▶ _Exercise objective_
Without the pictures, set down exactly the lines from the one that contains "5. Bien! toca" to the end of the entries, both included, and nothing besides.
- - - -
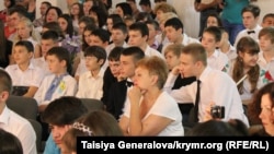 Не стала исключением из этого ряда и Симферопольская украинская гимназия, в которой нынешний выпуск можно считать юбилейным – он 15-й по счету. Родители помнят, что ранее такие собрания, даже не юбилейные, всегда проводились с искренними чувствами и душой. Но сегодня на школьном дворе, который ранее, как правило, был празднично украшен, нет никаких признаков праздника – ни флагов, ни транспарантов, ни лозунгов, ни приветствий гостям. Изменился и сам внешний вид учеников и родителей – только самые убежденные решились надеть вышиванки, совершенно нет символики Украины – ни флагов, ни украшений в украинских цветах. На учениках одежда без национальных признаков, у одного класса синие, у другого красные ленты через плечо.
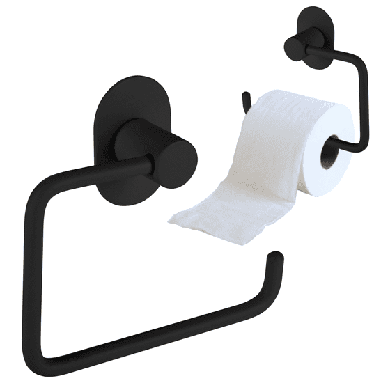 shumee Držalo za toaletni papir za WC, stensko, samolepilno, na vijak, črno
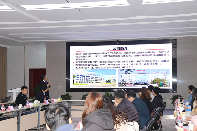 晏向華副院長、王湘如教授、張悅老師詳細介紹了高級獸醫(yī)創(chuàng)制人才班的創(chuàng)立初衷、人才培養(yǎng)模式和教學(xué)目標(biāo)。晏向華指出,高級獸藥創(chuàng)制人才班立足科學(xué)前沿、植根社會需求,旨在為國家培育一批獸醫(yī)藥領(lǐng)域的復(fù)合型人才。他高度評價了華中農(nóng)業(yè)大學(xué)與科前生物長期以來的深入合作,并就“人才班”學(xué)員來司實習(xí)安排與公司展開細致探討。
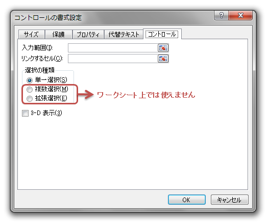 [選択の種類]グループで「単一選択」が選択されているのを確認して、[OK]ボタンをクリックします。なお、ここでは[3-D表示]もオンにしました。
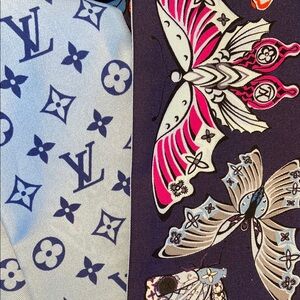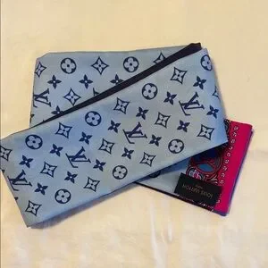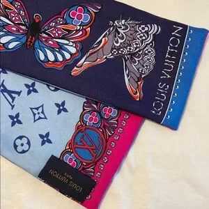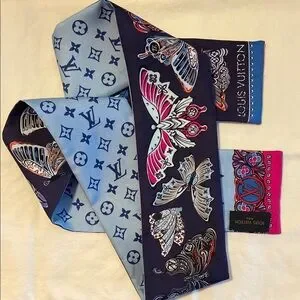 This exquisite Louis Vuitton scarf showcases a harmonious blend of blue and pink hues, adorned with the iconic monogram pattern and butterflies. Crafted from luxurious silk, made in italy, it offers a sophisticated touch to any ensemble to wear on handbag or neck or hair. The vibrant colors and classic design make it a standout accessory for any occasion. 3.25” x 48” Pattern no longer available.
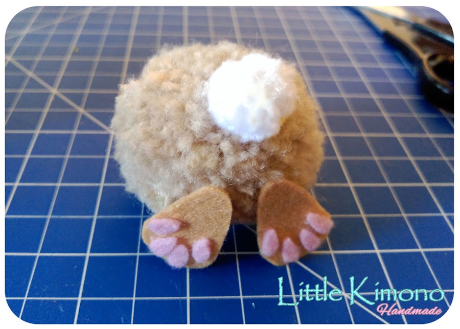 5. Bien! toca decorarlo a nuestro gusto, como ya os conté antes estamos de temporada "Primavera-Pascual"^^ así que vamos con la decoración del conejito. Sólo hay que hacer las patitas en fieltro, yo las hice a ojo, como veis no tiene ningún misterio.
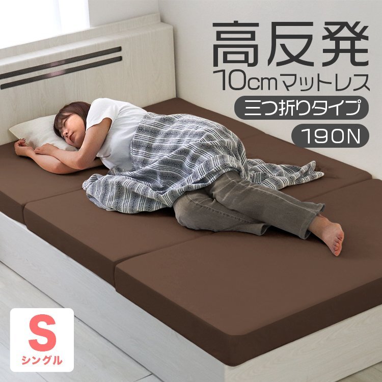 - 【シングル ブラウン】三つ折りマットレス 高反発 190N 極厚10cm 高反発マットレス パイル生地 ベッドマットレス ベッドマット 敷布団
- - - -
▶ _Response_
 5. Bien! toca decorarlo a nuestro gusto, como ya os conté antes estamos de temporada "Primavera-Pascual"^^ así que vamos con la decoración del conejito. Sólo hay que hacer las patitas en fieltro, yo las hice a ojo, como veis no tiene ningún misterio.
 - 【シングル ブラウン】三つ折りマットレス 高反発 190N 極厚10cm 高反発マットレス パイル生地 ベッドマットレス ベッドマット 敷布団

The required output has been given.